__Dataset entries__
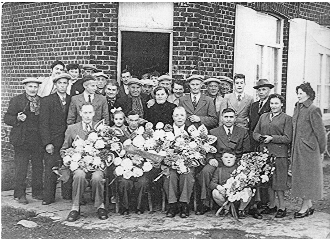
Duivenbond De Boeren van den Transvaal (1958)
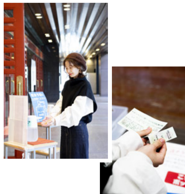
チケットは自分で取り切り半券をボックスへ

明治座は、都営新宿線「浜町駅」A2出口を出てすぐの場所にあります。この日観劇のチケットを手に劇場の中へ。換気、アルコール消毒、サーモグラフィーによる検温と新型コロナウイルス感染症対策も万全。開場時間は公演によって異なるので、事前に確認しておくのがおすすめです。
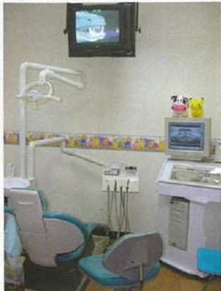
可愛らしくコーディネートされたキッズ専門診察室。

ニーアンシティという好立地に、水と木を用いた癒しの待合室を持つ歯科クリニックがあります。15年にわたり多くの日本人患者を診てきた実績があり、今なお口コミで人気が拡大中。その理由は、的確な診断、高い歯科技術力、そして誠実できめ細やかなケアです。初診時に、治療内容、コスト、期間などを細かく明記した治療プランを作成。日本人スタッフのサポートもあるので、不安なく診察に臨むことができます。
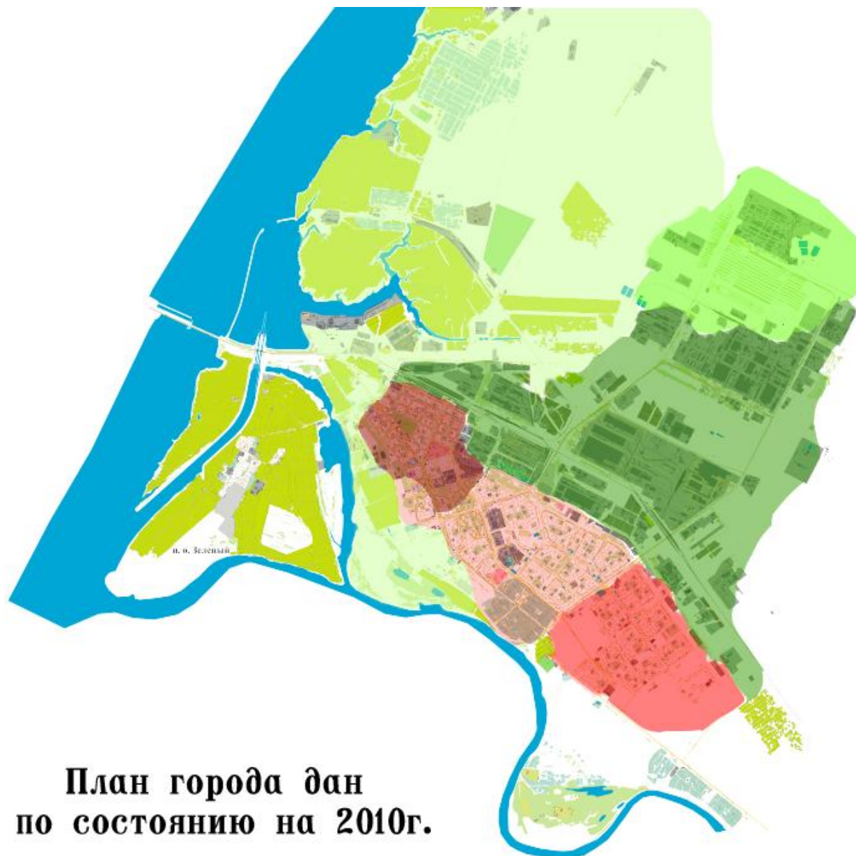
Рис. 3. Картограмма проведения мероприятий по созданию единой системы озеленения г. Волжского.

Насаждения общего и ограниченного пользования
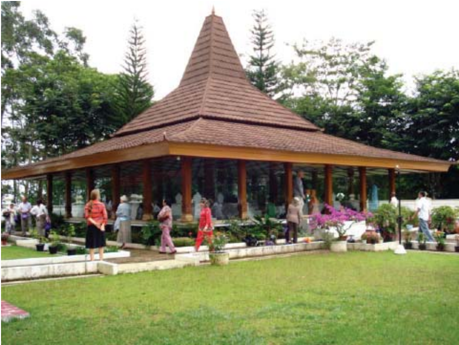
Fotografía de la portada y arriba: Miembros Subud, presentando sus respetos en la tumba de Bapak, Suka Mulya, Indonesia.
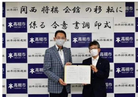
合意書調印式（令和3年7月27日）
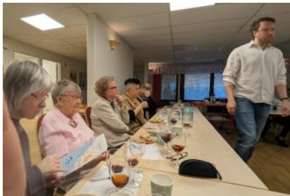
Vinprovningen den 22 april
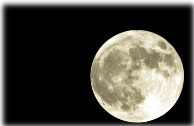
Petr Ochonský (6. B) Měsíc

==

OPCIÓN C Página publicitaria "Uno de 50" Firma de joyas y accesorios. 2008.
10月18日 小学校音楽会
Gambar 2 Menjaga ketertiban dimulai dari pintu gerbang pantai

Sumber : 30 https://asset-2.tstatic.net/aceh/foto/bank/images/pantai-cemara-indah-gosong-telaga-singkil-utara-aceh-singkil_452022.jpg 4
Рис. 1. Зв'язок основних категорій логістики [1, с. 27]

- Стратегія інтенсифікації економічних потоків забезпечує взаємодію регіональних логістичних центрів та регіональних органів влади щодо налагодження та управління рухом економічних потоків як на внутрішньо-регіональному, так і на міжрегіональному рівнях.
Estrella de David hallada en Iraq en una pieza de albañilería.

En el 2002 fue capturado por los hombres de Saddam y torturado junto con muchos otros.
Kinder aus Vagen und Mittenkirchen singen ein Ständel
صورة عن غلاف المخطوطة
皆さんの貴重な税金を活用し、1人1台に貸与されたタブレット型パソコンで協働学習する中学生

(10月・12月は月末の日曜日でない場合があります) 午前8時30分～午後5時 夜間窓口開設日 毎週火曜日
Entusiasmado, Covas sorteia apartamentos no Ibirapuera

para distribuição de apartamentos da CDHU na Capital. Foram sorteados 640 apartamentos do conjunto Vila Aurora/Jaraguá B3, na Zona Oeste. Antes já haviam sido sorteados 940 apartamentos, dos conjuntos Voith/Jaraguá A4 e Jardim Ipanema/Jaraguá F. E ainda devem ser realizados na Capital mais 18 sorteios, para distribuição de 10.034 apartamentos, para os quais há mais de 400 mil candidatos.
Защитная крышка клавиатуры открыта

__Exercise aim__
Every line in the data that holds "pantai" should be copied out.

__Task answer__
Gambar 2 Menjaga ketertiban dimulai dari pintu gerbang pantai
Sumber : 30 https://asset-2.tstatic.net/aceh/foto/bank/images/pantai-cemara-indah-gosong-telaga-singkil-utara-aceh-singkil_452022.jpg 4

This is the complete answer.